WORK ITEM ::
Scan the records below for the line with "ka 1165 chinon" and the line with "De MAIO GUNmetal", and retype that range exactly, both ends included, pictures excepted.

SOURCE MATERIAL ::

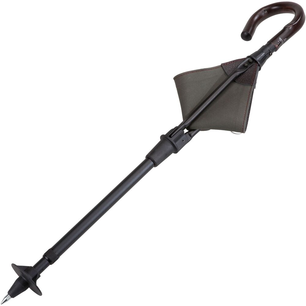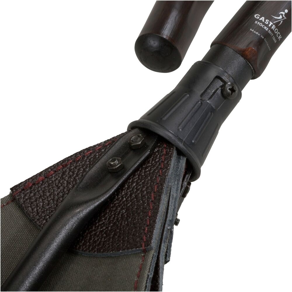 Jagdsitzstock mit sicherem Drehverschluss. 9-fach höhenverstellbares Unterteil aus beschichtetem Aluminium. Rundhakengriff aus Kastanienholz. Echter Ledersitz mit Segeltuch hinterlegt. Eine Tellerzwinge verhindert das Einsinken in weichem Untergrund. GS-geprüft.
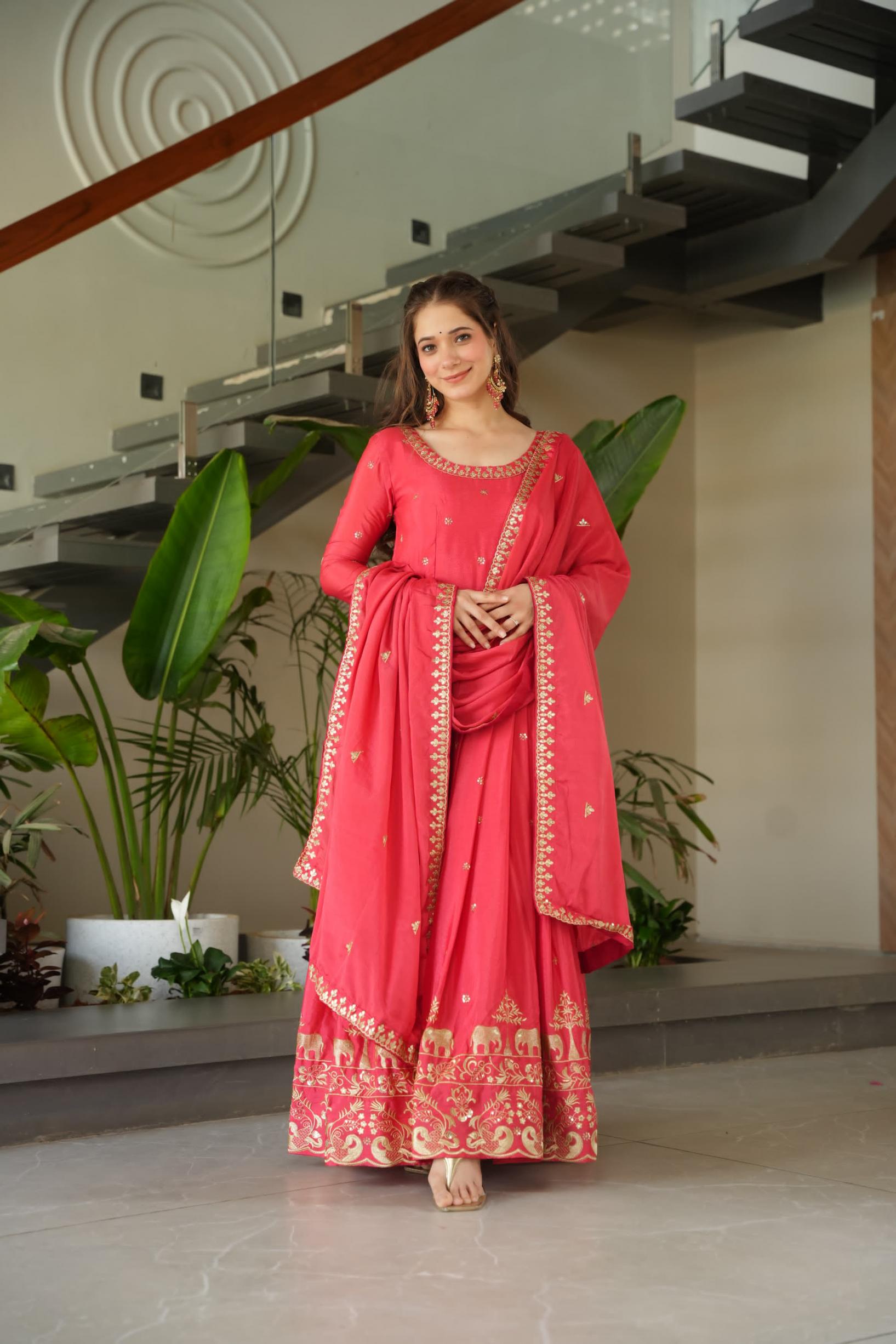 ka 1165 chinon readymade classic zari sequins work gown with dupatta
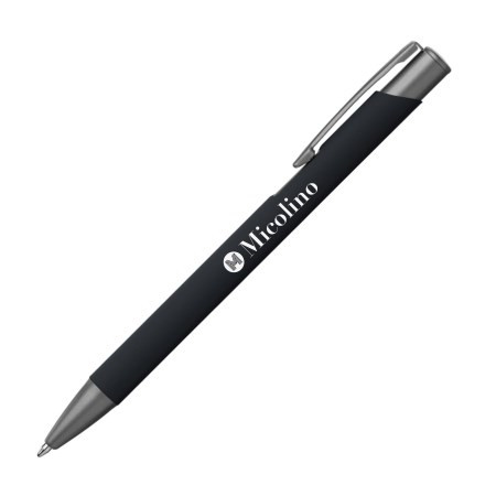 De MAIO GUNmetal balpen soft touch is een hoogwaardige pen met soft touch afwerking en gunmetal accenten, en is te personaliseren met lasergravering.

==

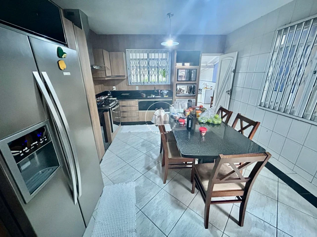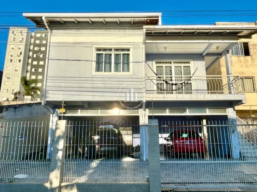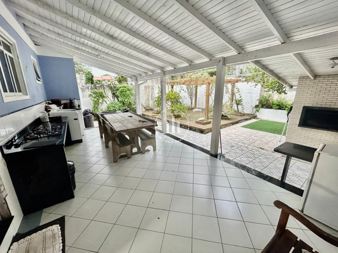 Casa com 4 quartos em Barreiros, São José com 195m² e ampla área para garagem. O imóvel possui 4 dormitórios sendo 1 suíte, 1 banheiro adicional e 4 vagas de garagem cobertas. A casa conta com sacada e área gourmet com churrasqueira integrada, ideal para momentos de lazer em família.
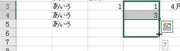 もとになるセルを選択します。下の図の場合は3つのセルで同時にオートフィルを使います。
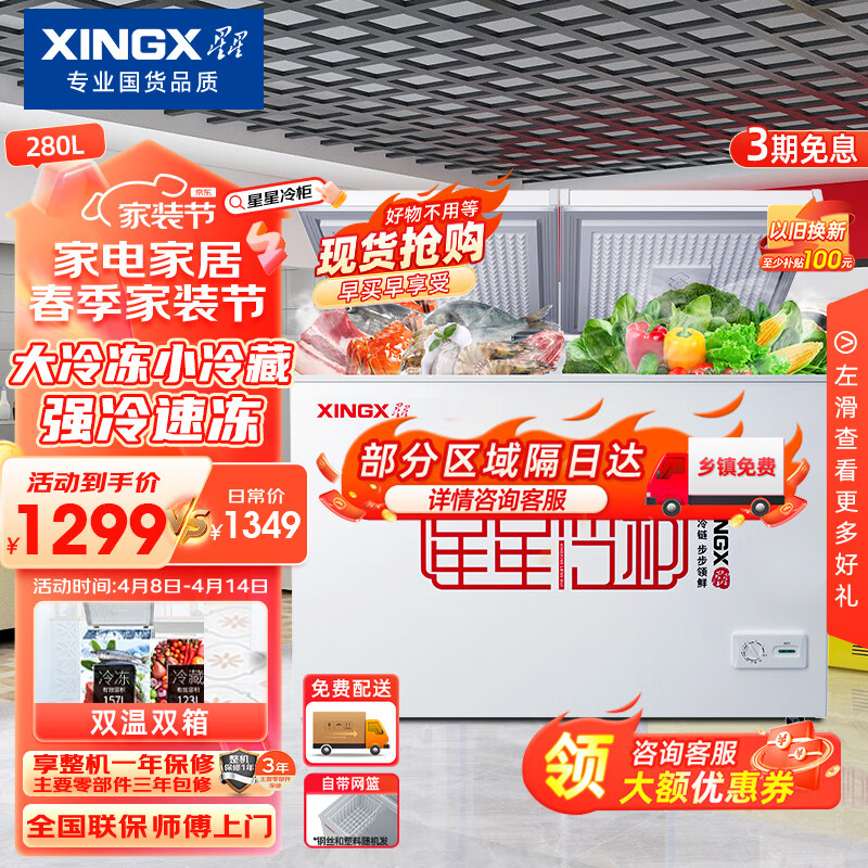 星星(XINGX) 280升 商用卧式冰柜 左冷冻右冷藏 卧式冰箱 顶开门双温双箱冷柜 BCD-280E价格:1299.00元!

--

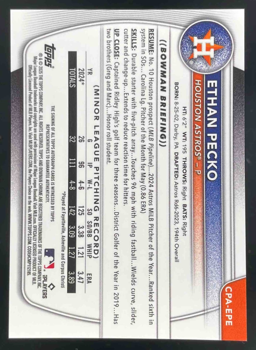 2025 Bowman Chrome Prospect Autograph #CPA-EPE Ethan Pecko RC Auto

ANSWER SECTION ::
 ka 1165 chinon readymade classic zari sequins work gown with dupatta
 De MAIO GUNmetal balpen soft touch is een hoogwaardige pen met soft touch afwerking en gunmetal accenten, en is te personaliseren met lasergravering.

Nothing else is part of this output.